Kurs tej pary walutowej w dalszym ciągu znajduje się w trakcie korekty spadkowej, zniżkując już o blisko 5,5% od szczytu ustanowionego w drugiej połowie października. Jednak póki co jest to w dalszym ciągu korekta rozpoczętej w marcu fali wzrostowej, a o ewentualnym odwróceniu trendu będzie można mówić dopiero po przełamaniu poziomu 1,4150, będącego 38,2-procentowym zniesieniem Fibonacciego. Z danych makro, jakie dziś poznaliśmy warto wspomnieć o odczycie wielkości inflacji PPI z Niemiec, która wyniosła w listopadzie -5,9% r/r, przy oczekiwaniach na poziomie -6,2% r/r. Z kolei wielkość indeksu niemieckiego instytutu Ifo wyniosła w grudniu 94,7 pkt i praktycznie była zgodna z oczekiwaniami. Publikacje te nie wpłynęły istotnie na notowania eurodolara, który w dalszym ciągu kontynuował ruch spadkowy.
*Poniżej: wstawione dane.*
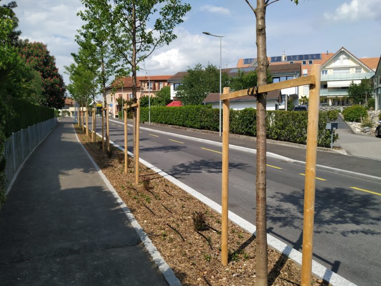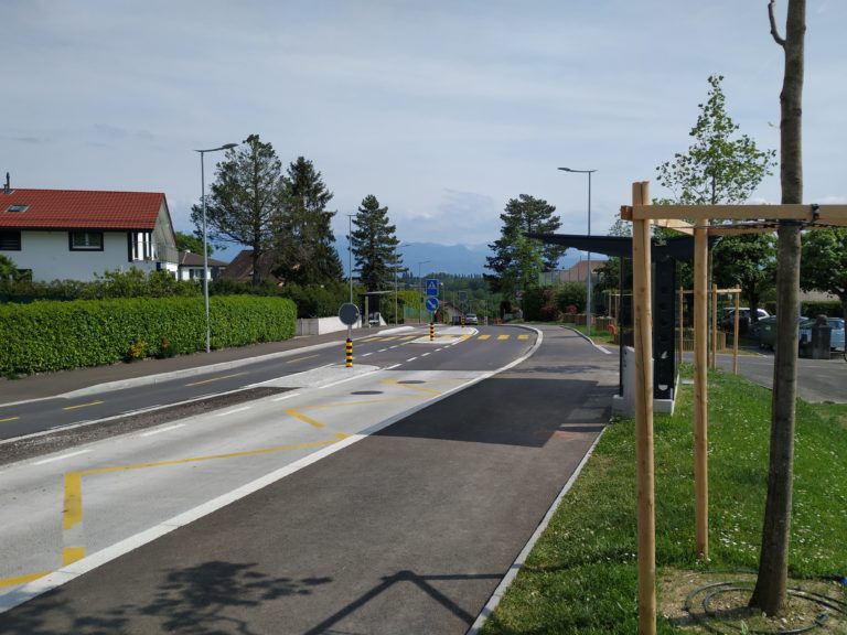 Le projet contient aussi plusieurs éléments qualitatifs rendant les déplacements à pied et à vélo plus confortables, notamment la création d’une allée arborisée entre le chemin du Chaney et celui des Vignes et l’ajout ponctuel de bandes de verdure et de prairies fleuries, mettant en valeur la traversée du village.
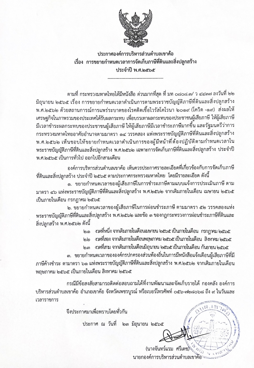 ประกาศองค์การบริหารส่วนตำบลเขาค้อ เรื่องการขยายกำหนดเวลาการจัดเก็บภาษีที่ดินและสิ่งปลูกสร้าง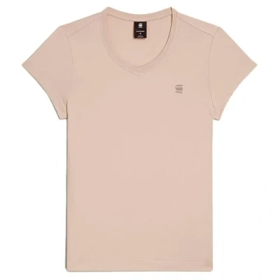 G STAR Women's Eyben Slim V Neck Top 2.0 T Shirt, Beige (Dk Brick D24533 4107 1214), S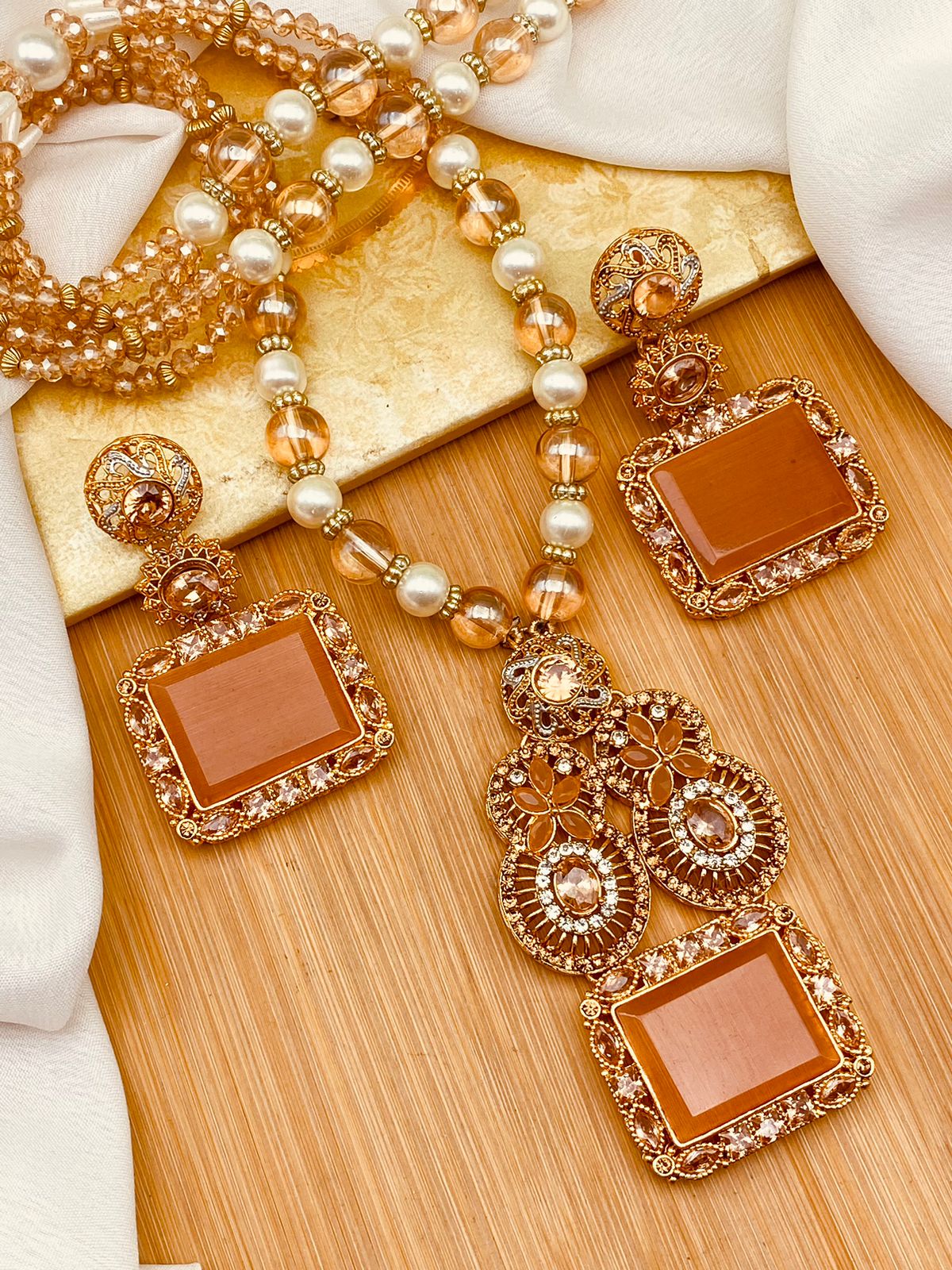 Nayab Jewelry, the leading artificial jewelry brand in Pakistan, we understands that people are constantly searching for the finest artificial jewelry online. If you're someone who's fascinated by the latest designs in artificial jewelry from Pakistan, be sure to explore our collection. Our inventory boasts a wide range of the latest items in various categories, including Mala Set, Locket Set, Bridal sets, Bangles, Earrings, Tops, Stud, Jhumka Rings, Necklace, Chokar, Bracelets, Chains, Bindiya, jhoomar, Calligraphy, and Pendants.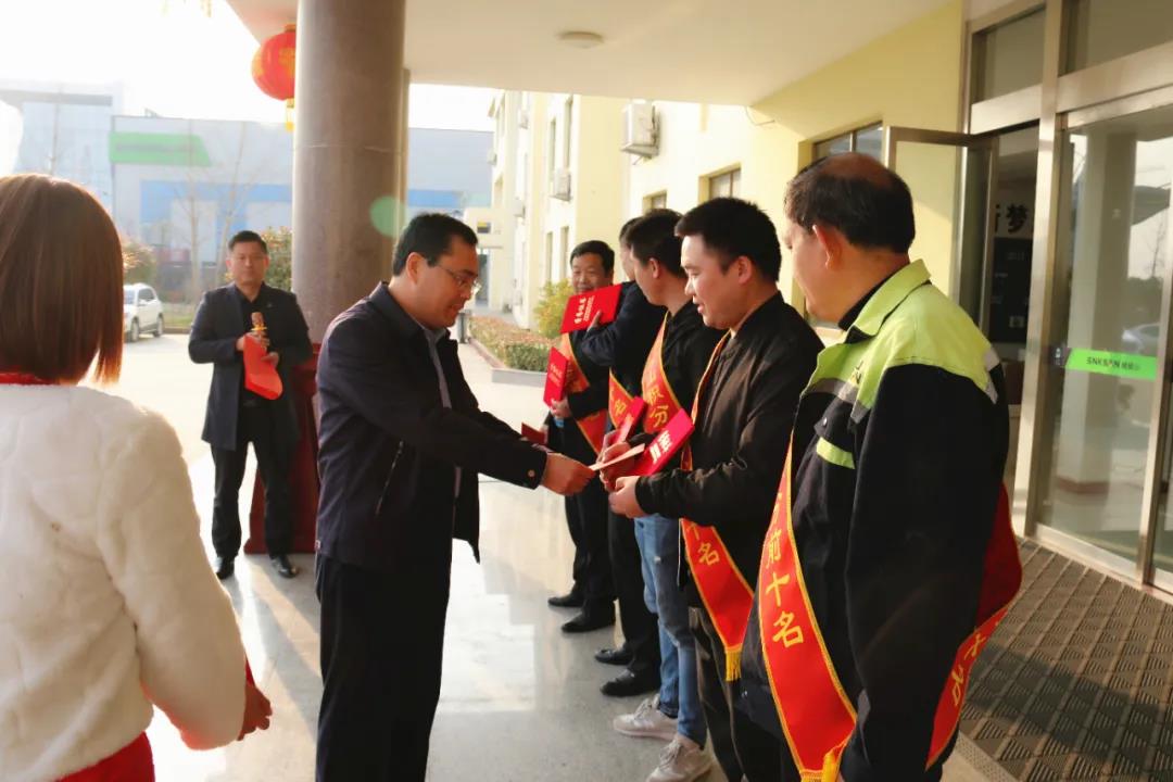 總經(jīng)理裴尚分別為獲獎(jiǎng)人員頒發(fā)了榮譽(yù)證書(shū)及獎(jiǎng)勵(lì)。大家興高采烈的從裴總手中接過(guò)沉甸甸的榮譽(yù)與紅包。獲得這項(xiàng)榮譽(yù)與他們?nèi)粘Eぷ髅懿豢煞帧?/p>

Na krajowym rynku walutowym obserwować można było dalszą deprecjację złotego. Kurs EUR/PLN oraz USD/PLN na zakończenie sesji w Europie doszły w okolice poziomów odpowiednio: 4,2050 oraz 2,9400. Złoty pomimo napływu w ostatnim czasie pozytywnych danych z polskiej gospodarki, m.in.: dynamiki produkcji przemysłowej, pozostaje słaby. Spadek wartości PLN wynika przede wszystkim z sytuacji na rynkach zagranicznych i dopóki będziemy obserwować zniżkę notowań eurodolara, spodziewać można się także dalszego osłabienia krajowej waluty.